### [What you should do]
Could you retype the lines below, starting at the line holding "白あんと抹茶の水羊羹 抹茶ソース" and stopping at the line holding "В комплекте есть", inclusive? Copy them exactly and drop the images.

### [Information shown]
· · ·
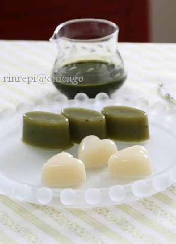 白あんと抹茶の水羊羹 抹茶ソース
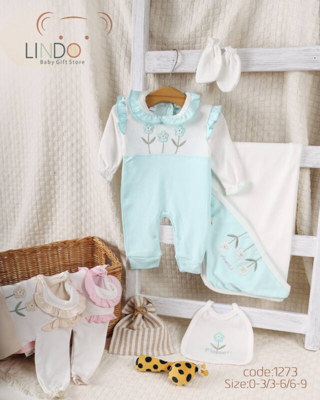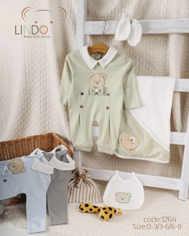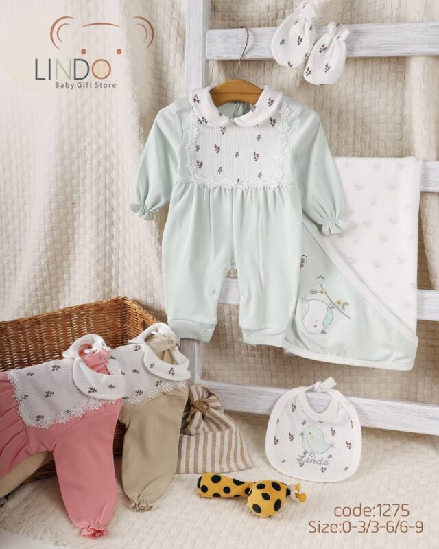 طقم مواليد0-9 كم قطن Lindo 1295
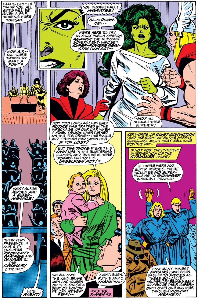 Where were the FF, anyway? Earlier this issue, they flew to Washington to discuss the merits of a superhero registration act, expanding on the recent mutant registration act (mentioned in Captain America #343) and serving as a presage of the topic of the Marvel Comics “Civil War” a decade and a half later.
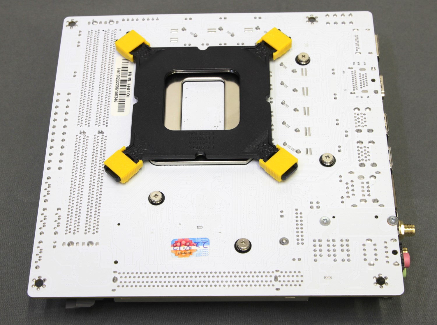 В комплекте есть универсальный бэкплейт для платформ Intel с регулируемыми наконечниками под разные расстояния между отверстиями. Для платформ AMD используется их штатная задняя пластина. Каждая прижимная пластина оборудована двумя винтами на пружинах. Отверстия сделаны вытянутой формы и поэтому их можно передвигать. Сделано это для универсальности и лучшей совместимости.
· · ·
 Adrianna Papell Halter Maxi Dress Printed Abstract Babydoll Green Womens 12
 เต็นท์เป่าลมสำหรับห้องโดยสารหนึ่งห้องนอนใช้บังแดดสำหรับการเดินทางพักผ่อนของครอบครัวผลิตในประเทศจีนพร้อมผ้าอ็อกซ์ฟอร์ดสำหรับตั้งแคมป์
· · ·
### [Reply to the exercise]
 白あんと抹茶の水羊羹 抹茶ソース
 طقم مواليد0-9 كم قطن Lindo 1295
 Where were the FF, anyway? Earlier this issue, they flew to Washington to discuss the merits of a superhero registration act, expanding on the recent mutant registration act (mentioned in Captain America #343) and serving as a presage of the topic of the Marvel Comics “Civil War” a decade and a half later.
 В комплекте есть универсальный бэкплейт для платформ Intel с регулируемыми наконечниками под разные расстояния между отверстиями. Для платформ AMD используется их штатная задняя пластина. Каждая прижимная пластина оборудована двумя винтами на пружинах. Отверстия сделаны вытянутой формы и поэтому их можно передвигать. Сделано это для универсальности и лучшей совместимости.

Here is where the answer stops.